Board: Auburn City Council

Met: Tuesday night

Community development loans

Issue: Decreasing federal aid and higher building costs have meant tighter budgets for the city’s community development loan program. Spending on community development loans for building rehabilitation projects, energy efficiency improvements and other redevelopment projects have increased steadily from $248,000 in 2004 to $607,000 in 2008.

Community Development Administrator Reine Mynahan suggested loaning less money and tightening requirements for loans going forward.

Issue: Spot rehab loans, given for emergency repairs, would be reduced from $20,000 per applicant to $15,000. Energy rehab loans would go down from $10,000 per resident to $5,000. Commercial rehab loans would be reduced from $125,000 per business to $50,000, and loans for small low income business loans would go down from $25,000 per instance to $10,000. Down payment assistance would be set at a flat $10,000 per property.

The city would  also change the  schedule for applying for heating oil help with the city. Residents would no longer be able to apply year round, but would have to file their applications between November and March each year.

The city would also begin charging interest for energy rehab loans and lead abatement assistance.

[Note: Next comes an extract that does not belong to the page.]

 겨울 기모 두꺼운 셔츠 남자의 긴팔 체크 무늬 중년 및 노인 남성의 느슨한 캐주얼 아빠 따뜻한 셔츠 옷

Up next:  Councilors are scheduled to vote on the changes to the program at their Oct. 19 meeting.

City council field trip

Issue: With the closing of two school properties, the city’s Land Lab and the old Merrill Hill School, councilors are faced must decide what to to do with properties.

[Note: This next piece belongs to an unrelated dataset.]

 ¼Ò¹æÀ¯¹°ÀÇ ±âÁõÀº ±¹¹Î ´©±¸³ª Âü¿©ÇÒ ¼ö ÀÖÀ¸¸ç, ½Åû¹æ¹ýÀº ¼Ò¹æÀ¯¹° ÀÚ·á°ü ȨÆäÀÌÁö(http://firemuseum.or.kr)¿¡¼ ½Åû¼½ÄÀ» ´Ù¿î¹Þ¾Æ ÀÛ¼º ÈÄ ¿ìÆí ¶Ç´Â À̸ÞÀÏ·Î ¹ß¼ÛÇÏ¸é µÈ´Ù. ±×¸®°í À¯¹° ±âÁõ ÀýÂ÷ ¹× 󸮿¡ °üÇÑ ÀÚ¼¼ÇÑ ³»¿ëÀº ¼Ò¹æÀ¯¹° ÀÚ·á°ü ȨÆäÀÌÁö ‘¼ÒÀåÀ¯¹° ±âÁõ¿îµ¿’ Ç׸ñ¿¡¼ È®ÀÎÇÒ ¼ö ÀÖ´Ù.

The scoop: City Manager Glenn Aho suggested councilors meet at the properties during their next meeting to tour sites and get more familiar with them. Councilors will meet at the land lab building at 5 p.m. Oct. 19, then proceed to the Merrill Hill building.

Councilor Dan Herrick said he didn’t need to take another look at the properties to know what to do with them. He favors selling them and putting them back on the property tax rolls.

Vietnam memorial

Issue: Both Lewiston and Auburn have plaques dedicating the Veterans Memorial Bridge to Vietnam veterans. In Lewiston, the plaque is near the northwestern on-ramp. A small road is nearby, providing places for cars to park and letting veterans visit the plaque. Auburn’s plaque is not so conveniently located. It’s on the southeastern side of Center Street north of Bowdoin Street, with no stopping place for people to pay their respects.

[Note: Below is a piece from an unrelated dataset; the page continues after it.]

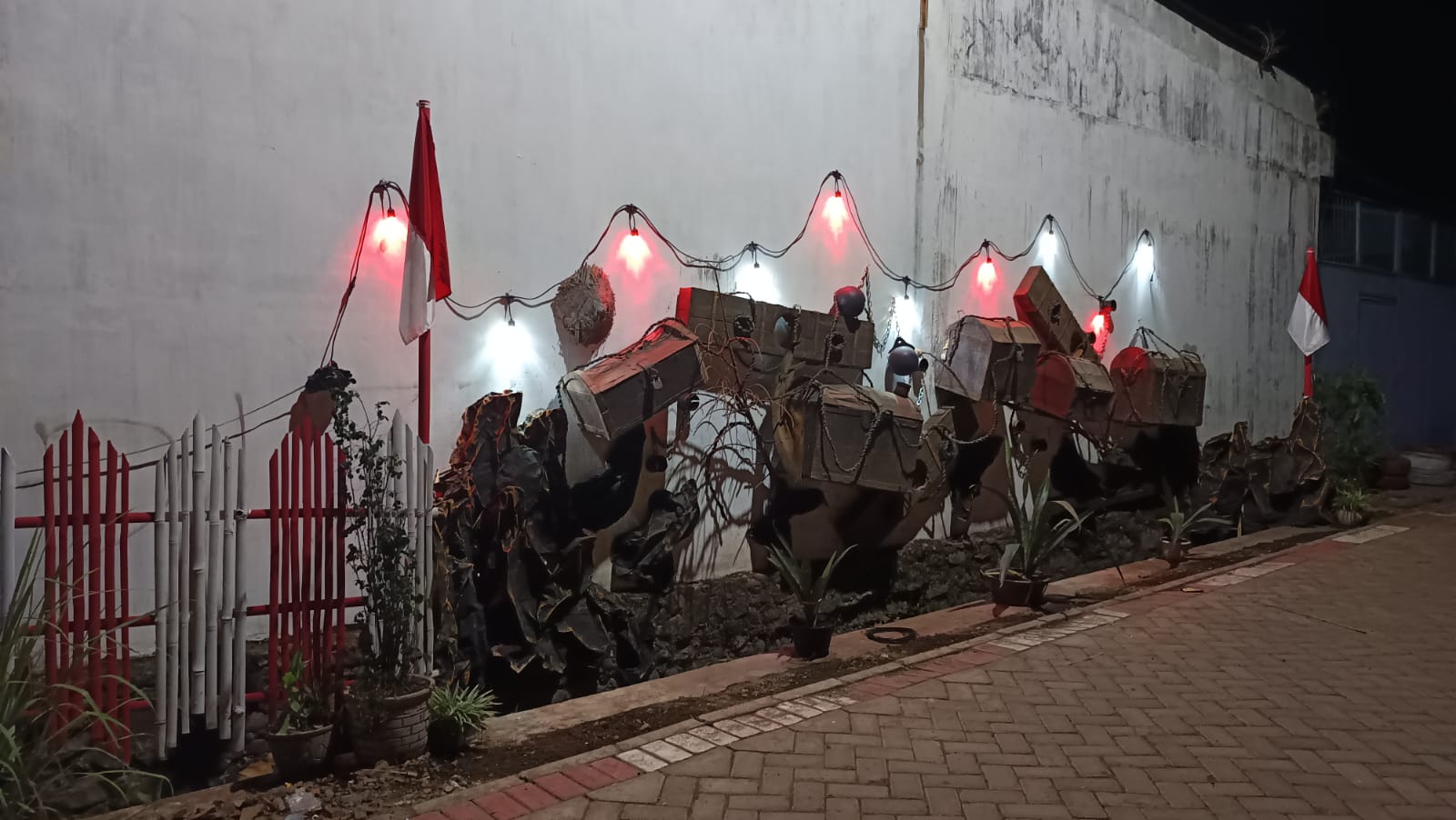 “Jadi kreasi ini hasil olah pikir dan kolaborasi antara ketua RW mas Mamat dengan warga termasuk ketua RT nya, dan para pemuda, untuk menyiapkan diri dalam lomba lingkungan memperingati HUT RI Ke 80 ini mas,” Ungkapnya.

Local veterans groups are recommending both plaques be consolidated on the Lewiston side of the bridge where it would be easier for veterans to visit.

The scoop: Councilors said they didn’t like that idea. Councilor Mike Farrell said the point is to dedicate the bridge, and removing a plaque in either city would be a disservice.

Mayor John Jenkins recommended relocating the plaque to the west side of Center Street, which has more room for parking.

Up next: Councilors agreed, and asked Aho to recommend that change to veterans groups and the Maine Department of Transportation.

Snow clearing

Issue: The city normally bans overnight parking between Nov. 15 and April 15 between midnight and 7 a.m. That ban is designed to make it easier for the city’s snow plows to clear the roads during heavy snowstorms. It amounts to a complete ban on overnight parking for more than 150 nights each winter.

The scoop: The full ban might not be necessary. Instead of banning overnight parking all winter, they proposed letting Police Chief Phil Crowell declare snow emergencies, banning overnight parking for the duration of the storm. That would benefit downtown residents with limited parking available, requiring them to move their vehicles an estimated 25 nights each year.

Crowell and Public Works Director Bob Belz also recommended strengthening the rules stopping residents from dumping snow cleared from their driveways into plowed city streets. People caught doing it would face a warning from the city the first time they did it, a $50 fine the second time and $100 fines each time after that.

Up next:  Councilors agreed to the changes and approved them on first reading. They’ll vote on them a second time at their Oct. 19 meeting.

Next meeting: Joint meeting with the Lewiston Council on Oct. 15.

The next City Council workshop, is scheduled for 5:30 p.m.  Oct. 17, followed by a 7 p.m. meeting.